(Beginning of SOURCE DATA)
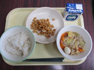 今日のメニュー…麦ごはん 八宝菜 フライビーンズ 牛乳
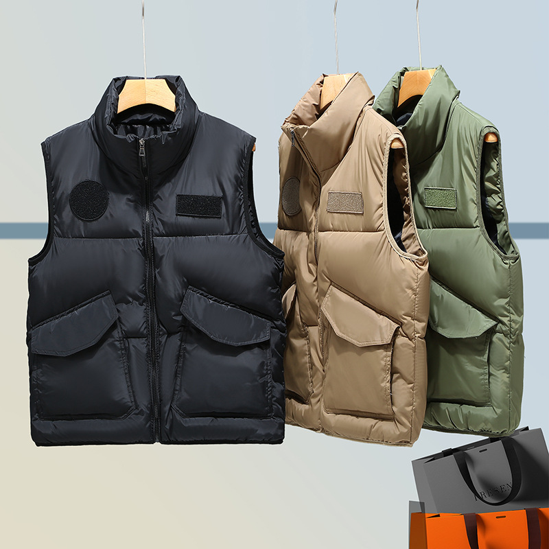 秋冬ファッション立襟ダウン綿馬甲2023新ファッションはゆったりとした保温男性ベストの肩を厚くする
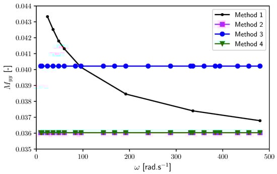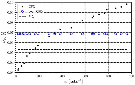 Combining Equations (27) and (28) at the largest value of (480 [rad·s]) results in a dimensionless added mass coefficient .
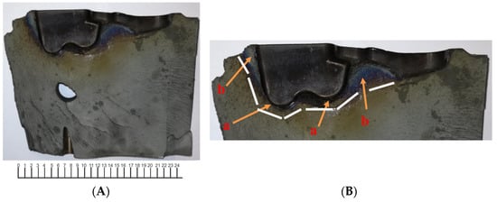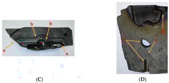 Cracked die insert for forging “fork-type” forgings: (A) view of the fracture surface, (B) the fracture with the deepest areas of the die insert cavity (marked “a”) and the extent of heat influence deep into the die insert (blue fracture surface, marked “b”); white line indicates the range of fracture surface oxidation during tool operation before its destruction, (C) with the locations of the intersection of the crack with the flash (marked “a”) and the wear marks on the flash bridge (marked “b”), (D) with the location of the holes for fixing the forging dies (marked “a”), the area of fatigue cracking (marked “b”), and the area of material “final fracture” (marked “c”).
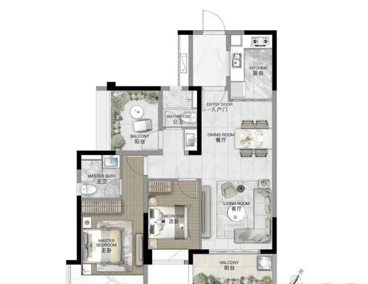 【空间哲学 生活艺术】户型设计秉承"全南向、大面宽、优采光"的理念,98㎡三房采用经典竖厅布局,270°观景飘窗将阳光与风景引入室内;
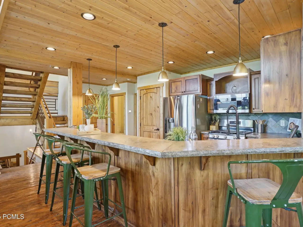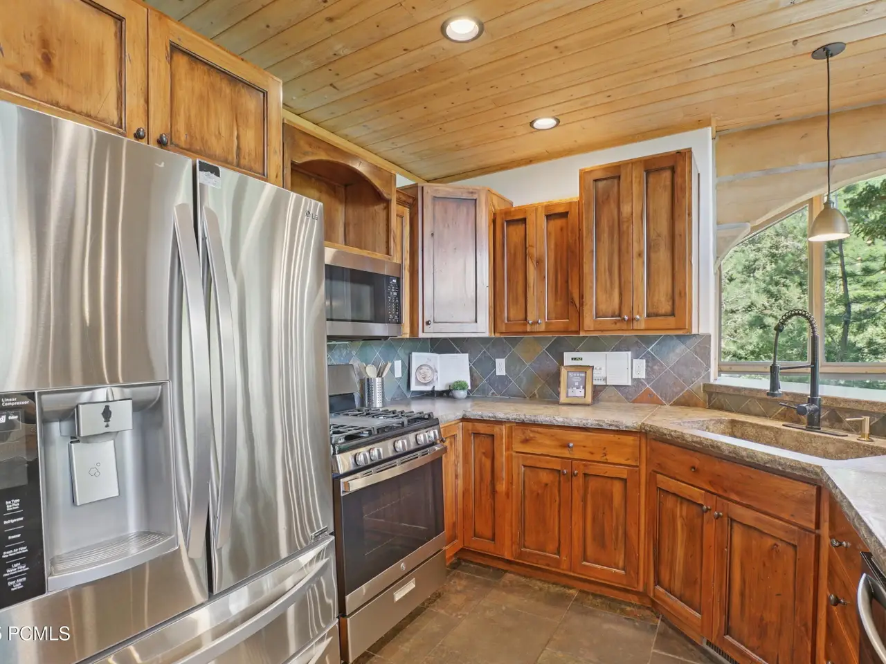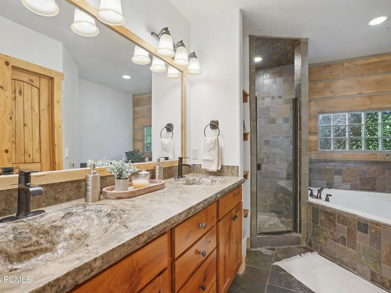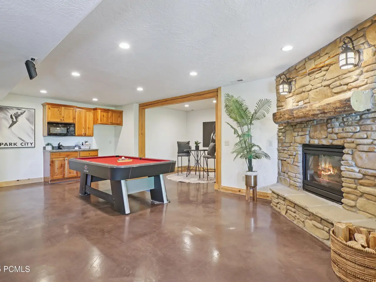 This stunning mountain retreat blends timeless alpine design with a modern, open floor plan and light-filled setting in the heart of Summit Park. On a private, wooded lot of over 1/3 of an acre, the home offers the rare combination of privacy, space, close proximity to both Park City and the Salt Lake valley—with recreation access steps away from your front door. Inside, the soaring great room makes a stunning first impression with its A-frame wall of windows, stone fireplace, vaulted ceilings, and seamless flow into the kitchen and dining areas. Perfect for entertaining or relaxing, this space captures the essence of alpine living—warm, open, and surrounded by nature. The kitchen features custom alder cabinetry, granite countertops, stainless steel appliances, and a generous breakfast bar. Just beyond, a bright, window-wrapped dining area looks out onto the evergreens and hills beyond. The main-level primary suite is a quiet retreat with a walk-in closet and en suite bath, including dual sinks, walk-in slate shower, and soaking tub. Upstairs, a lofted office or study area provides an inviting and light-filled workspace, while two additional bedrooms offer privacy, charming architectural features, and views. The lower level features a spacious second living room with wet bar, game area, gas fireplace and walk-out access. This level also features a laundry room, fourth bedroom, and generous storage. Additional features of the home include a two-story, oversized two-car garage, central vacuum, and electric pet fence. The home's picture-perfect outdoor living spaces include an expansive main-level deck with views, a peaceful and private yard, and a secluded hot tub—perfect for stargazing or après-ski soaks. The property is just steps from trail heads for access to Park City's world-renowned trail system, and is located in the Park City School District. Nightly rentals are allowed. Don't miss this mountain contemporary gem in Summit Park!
(End of SOURCE DATA)
● **WHAT TO PRODUCE**
Your answer must be an exact copy of the records, without the pictures.

● **ANSWER**
 今日のメニュー…麦ごはん 八宝菜 フライビーンズ 牛乳
 秋冬ファッション立襟ダウン綿馬甲2023新ファッションはゆったりとした保温男性ベストの肩を厚くする
 Combining Equations (27) and (28) at the largest value of (480 [rad·s]) results in a dimensionless added mass coefficient .
 Cracked die insert for forging “fork-type” forgings: (A) view of the fracture surface, (B) the fracture with the deepest areas of the die insert cavity (marked “a”) and the extent of heat influence deep into the die insert (blue fracture surface, marked “b”); white line indicates the range of fracture surface oxidation during tool operation before its destruction, (C) with the locations of the intersection of the crack with the flash (marked “a”) and the wear marks on the flash bridge (marked “b”), (D) with the location of the holes for fixing the forging dies (marked “a”), the area of fatigue cracking (marked “b”), and the area of material “final fracture” (marked “c”).
 【空间哲学 生活艺术】户型设计秉承"全南向、大面宽、优采光"的理念,98㎡三房采用经典竖厅布局,270°观景飘窗将阳光与风景引入室内;
 This stunning mountain retreat blends timeless alpine design with a modern, open floor plan and light-filled setting in the heart of Summit Park. On a private, wooded lot of over 1/3 of an acre, the home offers the rare combination of privacy, space, close proximity to both Park City and the Salt Lake valley—with recreation access steps away from your front door. Inside, the soaring great room makes a stunning first impression with its A-frame wall of windows, stone fireplace, vaulted ceilings, and seamless flow into the kitchen and dining areas. Perfect for entertaining or relaxing, this space captures the essence of alpine living—warm, open, and surrounded by nature. The kitchen features custom alder cabinetry, granite countertops, stainless steel appliances, and a generous breakfast bar. Just beyond, a bright, window-wrapped dining area looks out onto the evergreens and hills beyond. The main-level primary suite is a quiet retreat with a walk-in closet and en suite bath, including dual sinks, walk-in slate shower, and soaking tub. Upstairs, a lofted office or study area provides an inviting and light-filled workspace, while two additional bedrooms offer privacy, charming architectural features, and views. The lower level features a spacious second living room with wet bar, game area, gas fireplace and walk-out access. This level also features a laundry room, fourth bedroom, and generous storage. Additional features of the home include a two-story, oversized two-car garage, central vacuum, and electric pet fence. The home's picture-perfect outdoor living spaces include an expansive main-level deck with views, a peaceful and private yard, and a secluded hot tub—perfect for stargazing or après-ski soaks. The property is just steps from trail heads for access to Park City's world-renowned trail system, and is located in the Park City School District. Nightly rentals are allowed. Don't miss this mountain contemporary gem in Summit Park!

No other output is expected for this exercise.